Infectious Diseases Indian Medical PG Practice Questions and MCQs

Question 171: Which among the following is the commonest complication of meningitis?

A. Deafness
B. Brain abscess
C. Seizure (Correct Answer)
D. Hydrocephalus

Explanation: **Explanation:** Acute bacterial meningitis is a medical emergency in pediatrics, and understanding its complications is high-yield for NEET-PG. **Why Seizure is the Correct Answer:** Seizures are the **most common acute complication** of meningitis, occurring in approximately **20–30%** of patients. They typically occur within the first 48–72 hours of illness. The underlying pathophysiology involves cortical irritation caused by meningeal inflammation, cerebral edema, focal ischemia (due to vasculitis), or metabolic derangements (like hyponatremia due to SIADH). **Analysis of Incorrect Options:** * **Deafness (Sensorineural Hearing Loss):** This is the **most common permanent/long-term neurological sequela** (occurring in ~10% of survivors), particularly with *S. pneumoniae*. However, it is less frequent than acute seizures. * **Brain Abscess:** This is a rare complication of meningitis. It is more commonly associated with specific organisms like *Citrobacter koseri* or *Proteus* in neonates. * **Hydrocephalus:** This is a known complication (usually communicating type due to impaired CSF absorption), but its incidence is lower than that of seizures. **NEET-PG High-Yield Pearls:** * **Most common sequela overall:** Seizures (Acute phase). * **Most common permanent sequela:** Hearing loss (Perform BERA/Audiometry for all survivors before discharge). * **Most common cause of meningitis (overall):** *Streptococcus pneumoniae*. * **Most common cause in neonates:** Group B Streptococcus (GBS), followed by *E. coli*. * **Subdural effusion:** Common in infants (especially with *H. influenzae*); suspect if there is persistent fever or bulging fontanelle despite 48-72 hours of antibiotics.

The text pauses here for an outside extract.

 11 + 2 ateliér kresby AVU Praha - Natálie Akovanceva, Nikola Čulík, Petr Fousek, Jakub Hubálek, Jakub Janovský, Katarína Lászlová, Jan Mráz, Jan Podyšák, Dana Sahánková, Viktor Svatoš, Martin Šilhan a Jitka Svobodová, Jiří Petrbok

Question 172: A four-year-old boy presented with a two-month history of abdominal pain and fever, a ten-day history of maculopapular rash, and a three-day history of dry cough, dyspnea, and wheezing. On examination, the liver and spleen were enlarged, measuring 4 cm and 3 cm, respectively, below the costal margins. His hemoglobin was 10.0 g/dL, platelet count was 37x10^9/L, and total leukocyte count was 70x10^9/L, with 80% eosinophils. Bone marrow examination revealed a cellular marrow comprising 45% blasts and 34% eosinophils and eosinophilic precursors. The blasts stained negative for myeloperoxidase and non-specific esterase and were positive for CD19, CD10, CD22, and CD20. Which of the following is the most likely diagnosis?

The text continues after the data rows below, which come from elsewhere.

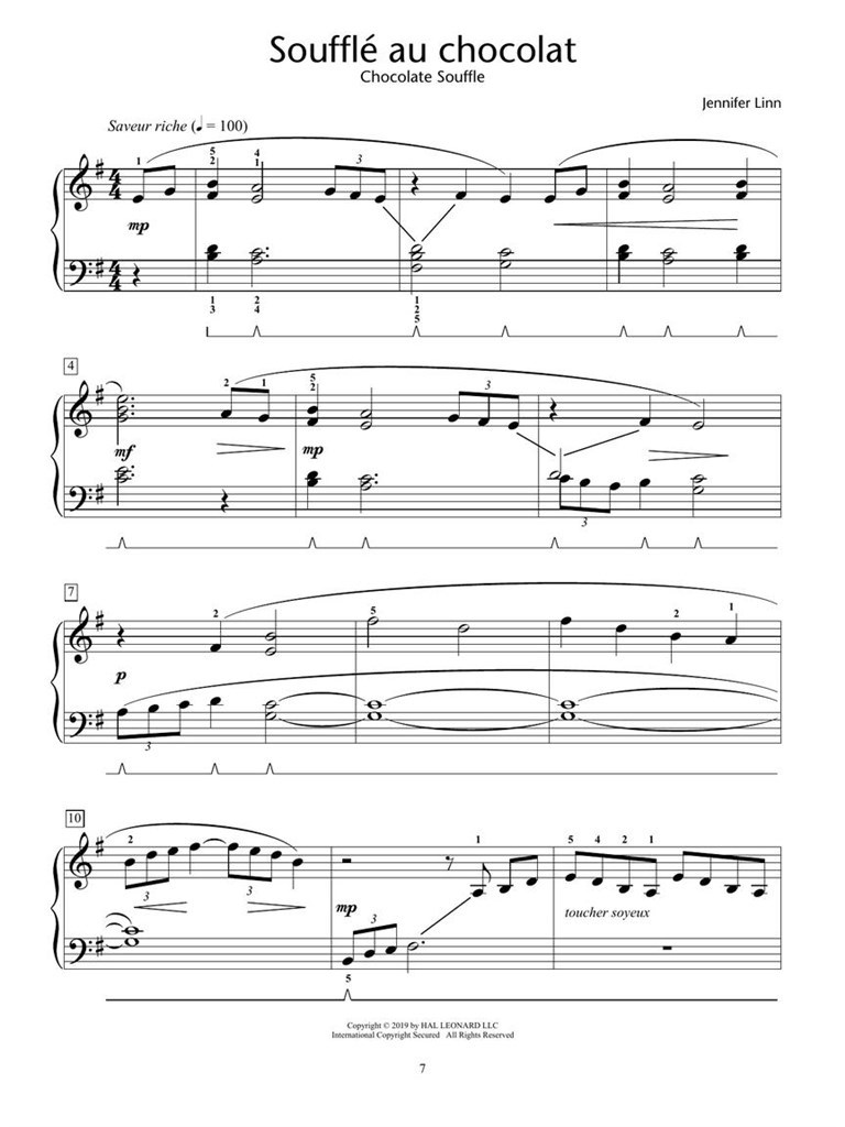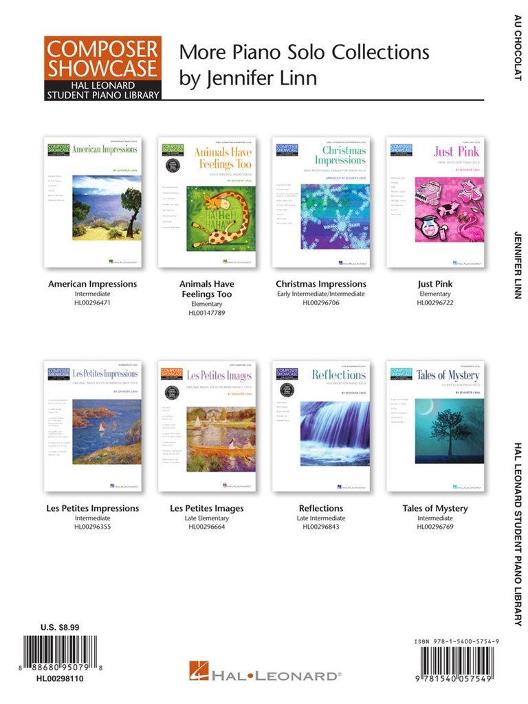 Au Chocolat is a delicious introduction to the beautifully pianistic world of impressionist-style music created by Jennifer Linn. Similar in style to her Les Petites Images and Les Petites Impressions, the marks of expression have been written in French and a glossary is provided in the introductory pages. These seven tasty miniatures feature a variety of keyboard techniques and harmonies that will spark the imagination of students and teachers!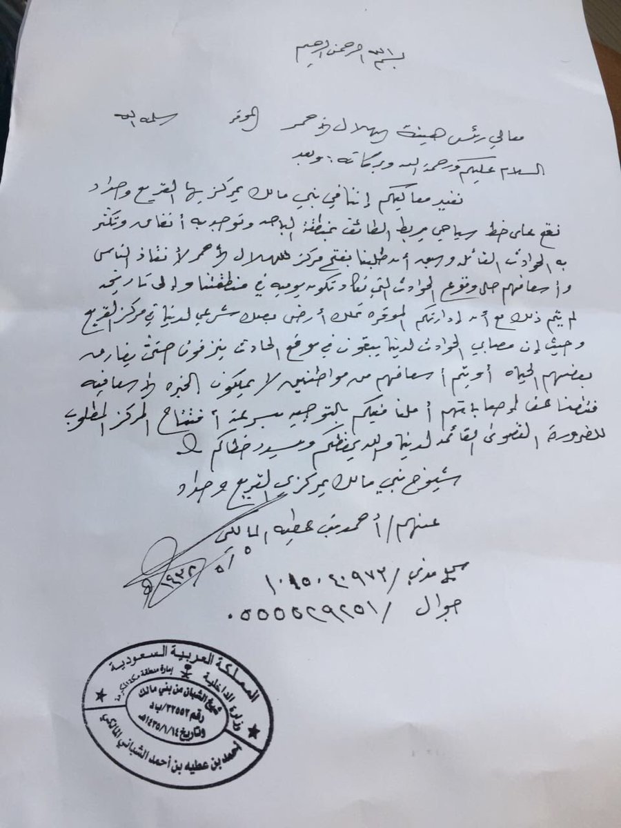 في خطاب تم تقديمه على معالي رئيس هيئة الهلال الاحمر السعودي قام بتقدمه الشيخ أحمد بن عطيه ابو طلايب يطالب فيه الهلال الاحمر بالعمل على إيجاد فرع في بلاد بني مالك الطائف يباشر من خلاله الحوادث التي تقع على الطريق السياحي والذي يمر عبر ديار بني مالك وتكثر فيه الحوادث في المرتفعات والانفاق واصبح وجود فرع للهلال الاحمر ضرورة قصوى لكثرة الحوادث ... ونحن بدورنا نشكر الشيخ ابو يحيى على هذا الاهتمام الغير مستغرب منه ونتمنى ان يتحقق مايطالب به في هذا الشان .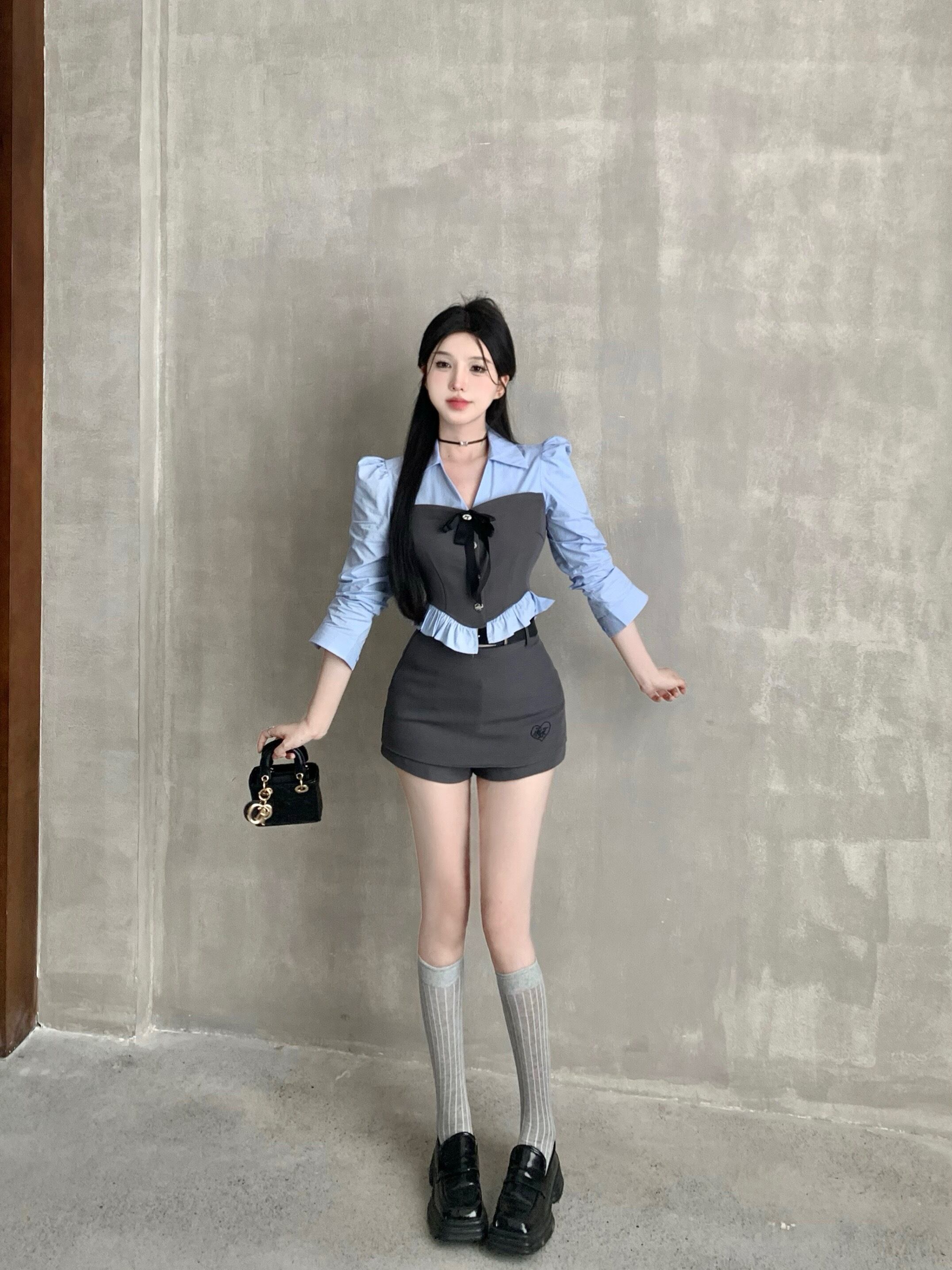 ホットガールスタイルスーツ秋バブルスリーブボウスプライスシャツウエストミニスカートツーピースセット服 リボン オータム 秋物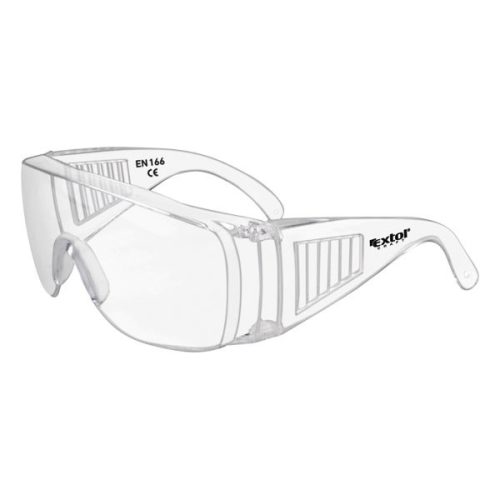 Univerzális méretű, teljesen átlátszó, polikarbonát anyagú, S osztályú panoráma nézőüveggel rendelkező, dioptriás szemüveg előtt is használható védőszemüveg. A CE jelöléssel rendelkező védőszemüveg teljesíti az EN 166 számú szabvány előírásait (az EN 166 számú szabvány értelmében az S osztályú védőszemüvegeknek védelmet kell nyújtaniuk 22 mm átmérőjű, 43 g tömegű, 5,1 m/s sebességgel mozgó acélgolyók nekiütődésekor). A szemüveg a szem levegőben szálló tárgyakkal szembeni védelmére szolgál.

A. Biphenotypic acute leukemia (lymphoid and eosinophil lineage)
B. Acute eosinophilic leukemia
C. Acute lymphoblastic leukemia with hypereosinophilic syndrome (Correct Answer)
D. Acute myeloid leukemia with eosinophilia

Explanation: **Explanation:** The correct diagnosis is **Acute Lymphoblastic Leukemia (ALL) with Hypereosinophilic Syndrome (HES)**. **1. Why the Correct Answer is Right:** The patient presents with classic features of **B-cell ALL**, confirmed by bone marrow findings of 45% blasts (exceeding the 20% WHO threshold for leukemia) and a specific immunophenotype: **CD19+, CD10+ (CALLA), CD22+, and CD20+**. The negative MPO and NSE stains further confirm a lymphoid rather than myeloid lineage. The massive peripheral eosinophilia (80% of 70x10⁹/L) and organomegaly represent a **paraneoplastic hypereosinophilic syndrome**. In pediatric ALL, this rare association is often linked to a specific translocation, **t(5;14)(q31;q32)**, where the *IL-3* gene is brought under the influence of the *IGH* promoter, leading to constitutive IL-3 production and reactive eosinophilia. **2. Why Other Options are Wrong:** * **Option A & B:** These would require the eosinophils themselves to be part of the malignant clone. In this case, the blasts are purely lymphoid (CD19/10+), and the eosinophilia is a reactive (secondary) phenomenon. * **Option D:** AML (specifically M4eo) is associated with inv(16), but the immunophenotype here (CD19, CD10) and negative MPO/NSE strictly point toward a B-lymphoid lineage, not myeloid. **3. NEET-PG High-Yield Pearls:** * **t(5;14):** The specific cytogenetic hallmark of ALL with hypereosinophilia. * **Clinical Presentation:** Eosinophilia often precedes the appearance of blasts in the peripheral blood, sometimes leading to diagnostic delays. * **Complications:** Patients are at high risk for Loeffler’s endomyocarditis and pulmonary fibrosis due to eosinophil degranulation; thus, urgent treatment is required. * **Immunophenotype:** CD10 (Common ALL Antigen/CALLA) is the most important marker for prognosis in pediatric B-ALL.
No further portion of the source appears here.